Chickens are left free to roam

Goats, sheeps and pigs are almost as free in Cuba – especially in more rural areas – but you might find that the obnoxious smell at 4:30 pm in your casa particular in Trinidad centro historico is nothing more than the neighbours’s pigs eating. Again, is there anything more free range than this?

Horses in Cuba are mostly a means of transportation: everywhere you will see horse carriages, most of them pull up to 8 people, who have to pay a price to get on the carriage. Horses are also used to clean gardens from unwanted grass – they will eat that, and leave the lown so neat and tidy! Donkeys, on the other hand, are used to transport goods.

Camaguey, Cuba

Horse carriage in Camaguey

Cows are used to work the land, or so I was told.

Vinales, Cuba

Working the land the traditional way

Cows and horses are property of the state, which explains why all of them are marked and why it is very very hard to find beef in Cuban menus.
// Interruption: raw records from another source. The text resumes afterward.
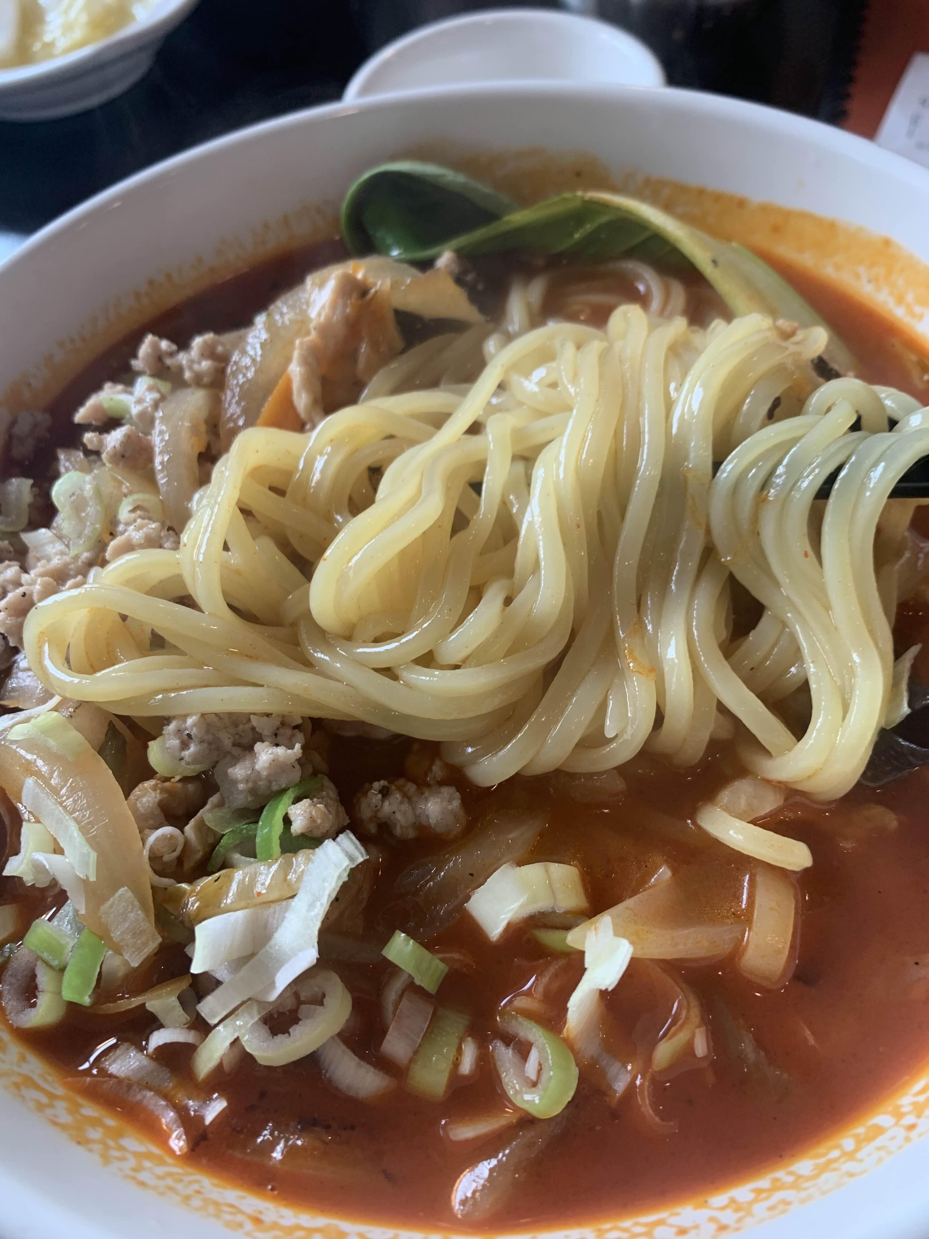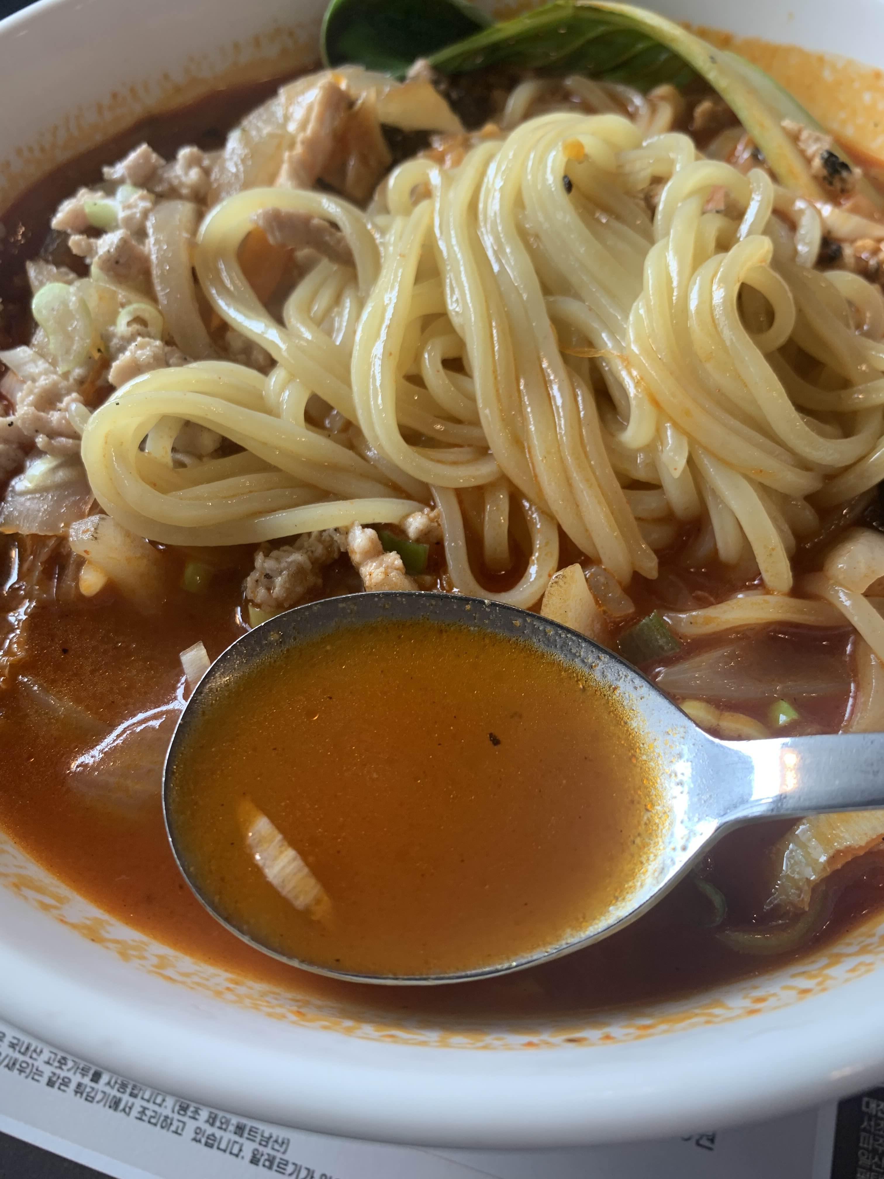 짬뽕의 면발은 얇은 면발로 담백한 국물과 잘 어울리더군요. 국물이 불맛도 나고, 구수한 기름 향? 이 나면서 담백한 맛이 올라오더군요. 건더기로는 해물이 없고, 간고 기와 짬뽕 안쪽에 기다란 고기가 있더군요.
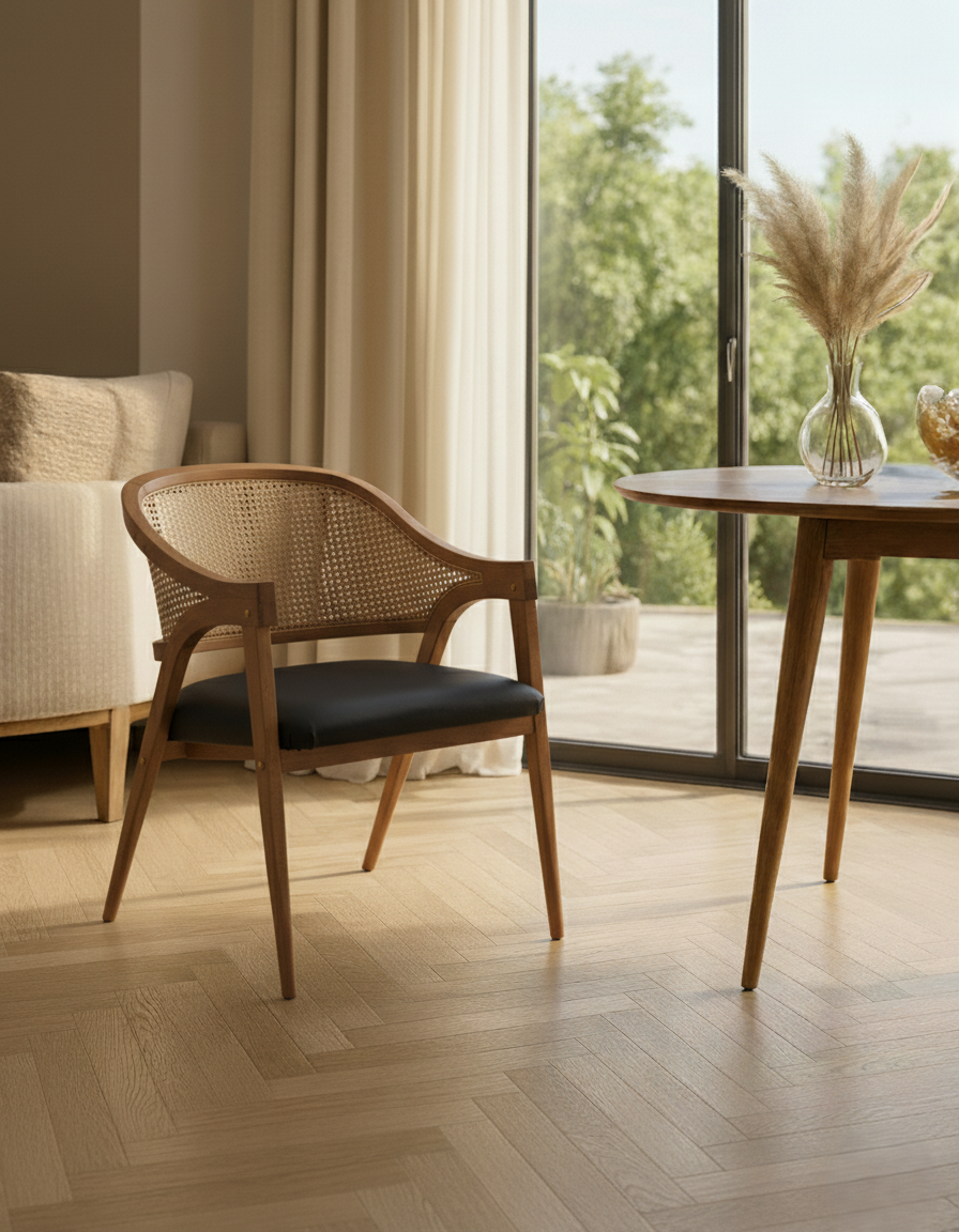 El Sillón Laredo de ROCO es una pieza concebida para proyectos contract que buscan impacto visual, solidez estructural y confort duradero. Su armazón en madera de haya barnizada transmite calidez y carácter, con acabados disponibles en diferentes tonos —del negro elegante al nogal natural— que permiten adaptar la pieza a la identidad de cada proyecto. La nobleza de la madera, trabajada con precisión, aporta un aire atemporal que refuerza la sensación de exclusividad en el espacio.
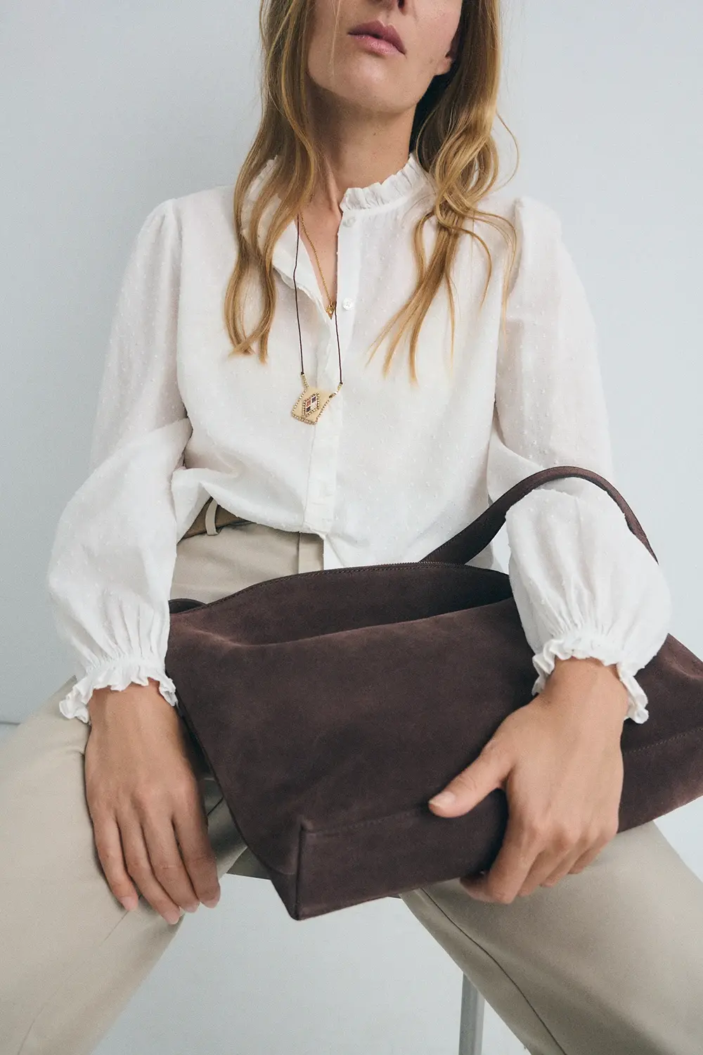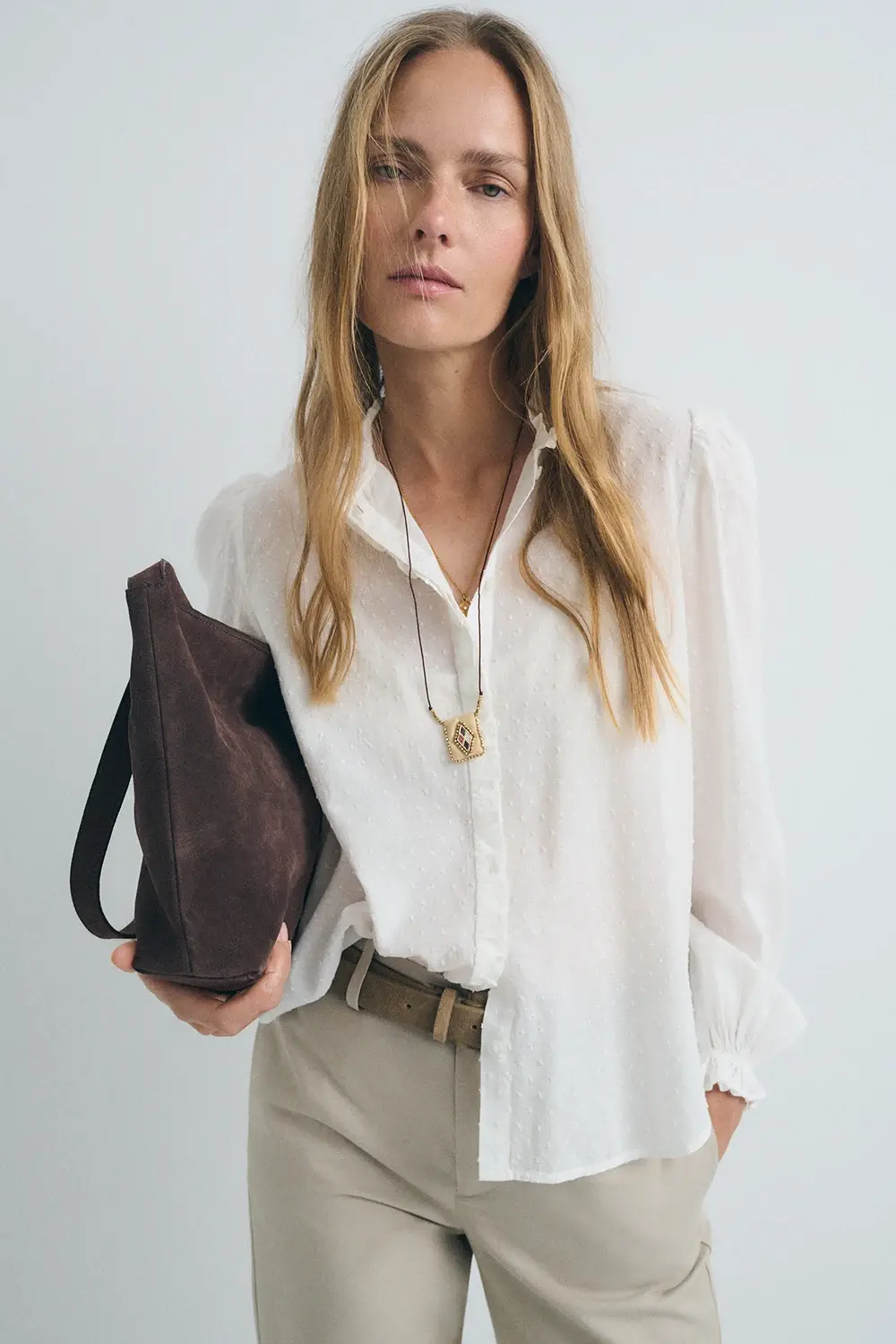 • Detalles: frunces en cuello, botonadura invisible y puños abotonados
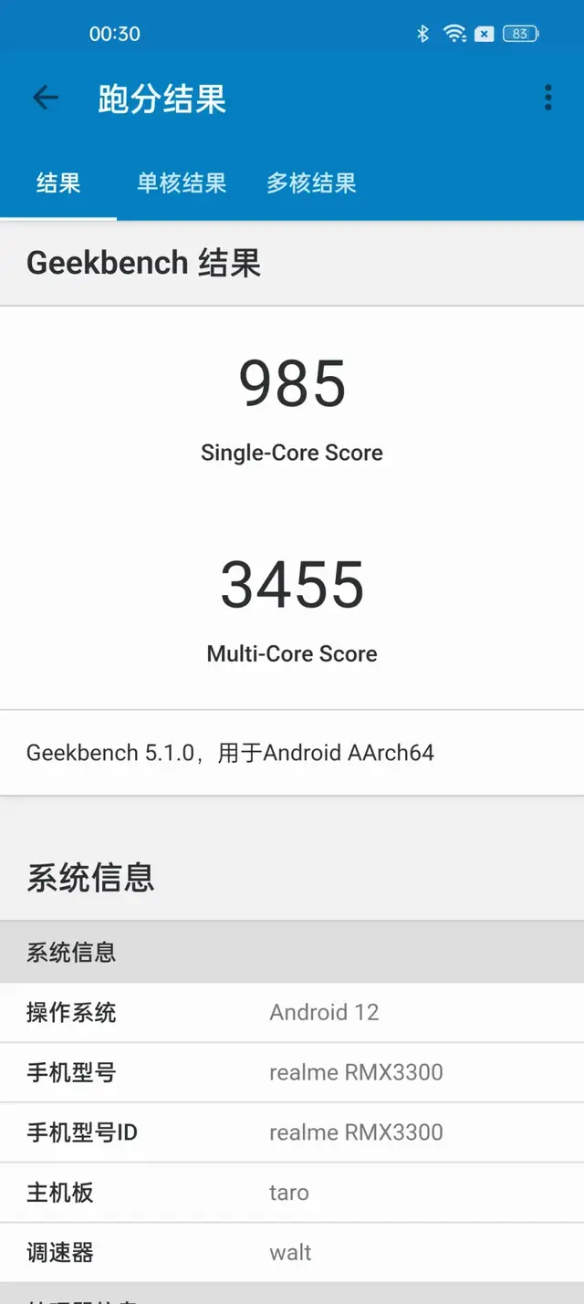 在测试CPU性能的Geekbench4中,真我GT2 Pro单核跑分985分,多核跑分3455分,这部分分数稍低,还有一定的挖掘空间。但鉴于手机目前还是测试版本,后续零售机的CPU性能应该会更好一点。
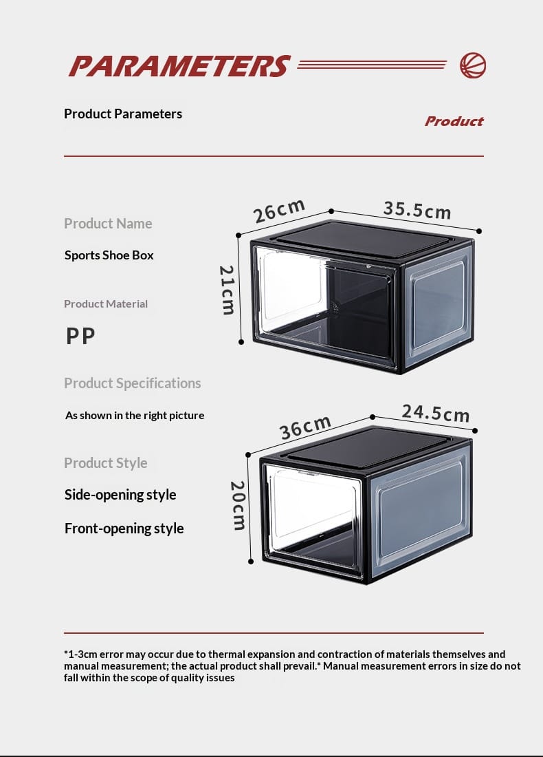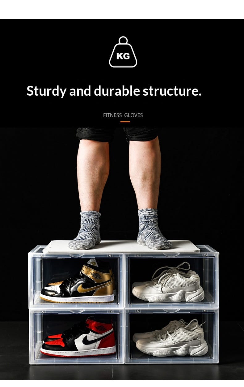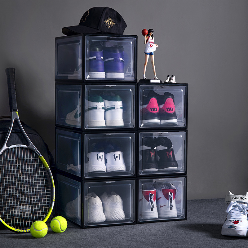 Factory direct sales enlarged plastic basketball sneakers storage shoe box transparent magnetic high-grade thickened drawer PP storage
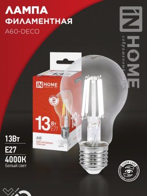 Лампа св/д IN HOME А60-deco 13Вт Е27 4000К
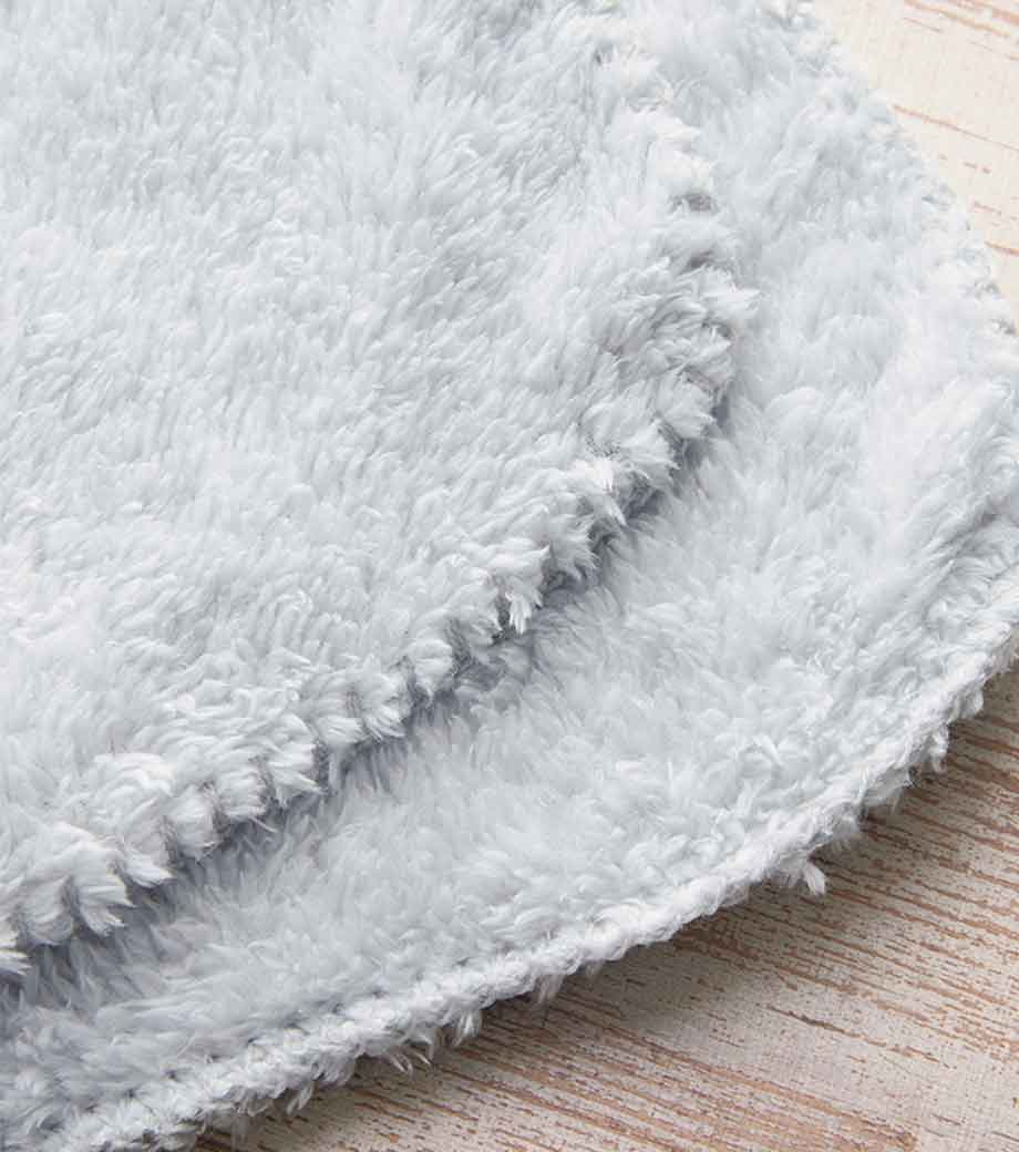 スムースフリースブランケット(バッグ付き)は、表がスムース生地と裏がファーのダブルフェイスブランケット。足元全体を包み込むサイズ感で、肩掛けとしてもご使用いただけます。
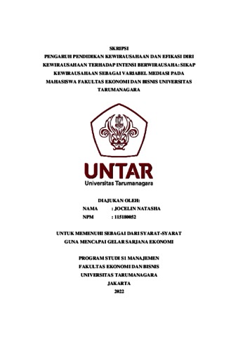 NATASHA, JOCELIN (2022) PENGARUH PENDIDIKAN KEWIRAUSAHAAN DAN EFIKASI DIRI KEWIRAUSAHAAN TERHADAP INTENSI BERWIRAUSAHA: SIKAP KEWIRAUSAHAAN SEBAGAI VARIABEL MEDIASI PADA MAHASISWA FAKULTAS EKONOMI DAN BISNIS UNIVERSITAS TARUMANAGARA. Skripsi thesis, Universitas Tarumanagara.

It is actually forbidden to eat horse meat and even beef (some say it is because it is too expensive for them to buy it, some say the government forbids it for health reasons). Apparently, it is a very bad crime to kill horses and cows, and if for some reason one of them dies the state has to open an investigation to make sure it died of natural causes!

Seeing these kinds of animals roam (almost) freely is surely a more interesting experience than seeing crocodiles and dolphines forced to live in small cages or aquariums. Anyways, if you like animals, you will not miss a chance to see loads. And do not forget to carry goggles to see the coral reef!